Transforming Next-Token Prediction into Classification with LLMs

From tokens to labels: Performing classification with large language models

Large Language Models (LLMs), trained on vast amounts of internet data, are versatile and can perform a wide range of natural language tasks. One common application is classification, a supervised learning task that categorizes subjects into pre-defined labels. Zero-shot and few-shots classification have become popular techniques, enabling LLMs to perform classification tasks with no training data or a few examples.

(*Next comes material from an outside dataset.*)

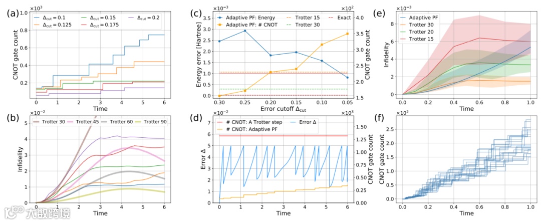 为了克服上述难题,该联合研究团队提出了一个自适应式的量子演化算法,可以通过测量演化过程中的量子态,自适应地构建用于模拟演化的线路。我们证明了在使用哈密顿量的子项的演化作为线路的构建模块的时候,我们的算法可以完成任意高的精度模拟。为了验证了我们的算法,我们使用了经典计算机数值模拟的方法。结果显示,与一阶Suzuki-Trotter公式相比,在保证模拟精度的前提下,该方法的线路深度(尤其是两比特门的数量)减少了约两个数量级。

However, for better accuracy, it is demonstrated that instruction fine-tuning can improve the performance by tuning LLMs with curated datasets.

Instruction Fine-Tuning LLMs

The common practice for instruction fine-tuning involves constructing a dataset consisting of question-and-answer pairs. Pre-trained LLMs are then further fine-tuned using these pairs in a supervised manner.

You can check my previous post for this approach.

Fine-Tuning Large Language Models: A Guide into Distributed Parallel Training with DeepSpeed, Ray…

Path to Open-source LLMs

medium.com

Optionally, one can further improve the performance with Direct Preference Optimization (DPO), where the dataset is organized into pairs of preferred and less desirable combinations. It’s no surprise that the top-ranked open-source LLMs are trained using one of these approaches.

LLMs are Deep Neural Networks

Intuitively, these approaches use the fact that LLMs operate on a tokens-in, tokens-out architecture. In both instructed and preference datasets, text pairs are converted into tokens. Using cross-entropy loss and the auto-regressive nature of decoder only transformer, where the label token is copied from the input token but shifted by one, the weights of LLMs are updated.

Fundamentally, LLMs are deep neural networks, and it’s possible to modify their architecture for classification tasks. This may seem daunting due to the complexity of LLMs, but let’s break it down from the first principle. LLMs perform next token prediction based on the preceding context tokens. The token generated is one of the tokens in the model’s vocabulary, selected as the highest probability token from the logits of the cross-entropy loss operation.

Given this, can we replace the vocabulary with the classification labels? Yes we can! Instead of predicting the next token from the vocabulary, we are interested in predicting the category of a classification task given preceding context tokens. It is feasible by changing the LLMs’ head, commonly implemented as, lm_head . In text generation, the lm_head has a shape of (embedding dimension, vocabulary size) . For classification, we modify it to (embedding dimension, number of classification) .

Train LLMs for Classification Tasks

Load model and tokenizer

Let’s conduct an experiment to verify this approach works. First, we will start by using a pre-trained LLM and its tokenizer from HuggingFace. In this study, I choose a lightweight 3.8 billion parameters model, microsoft/Phi-3-mini-4k-instruct .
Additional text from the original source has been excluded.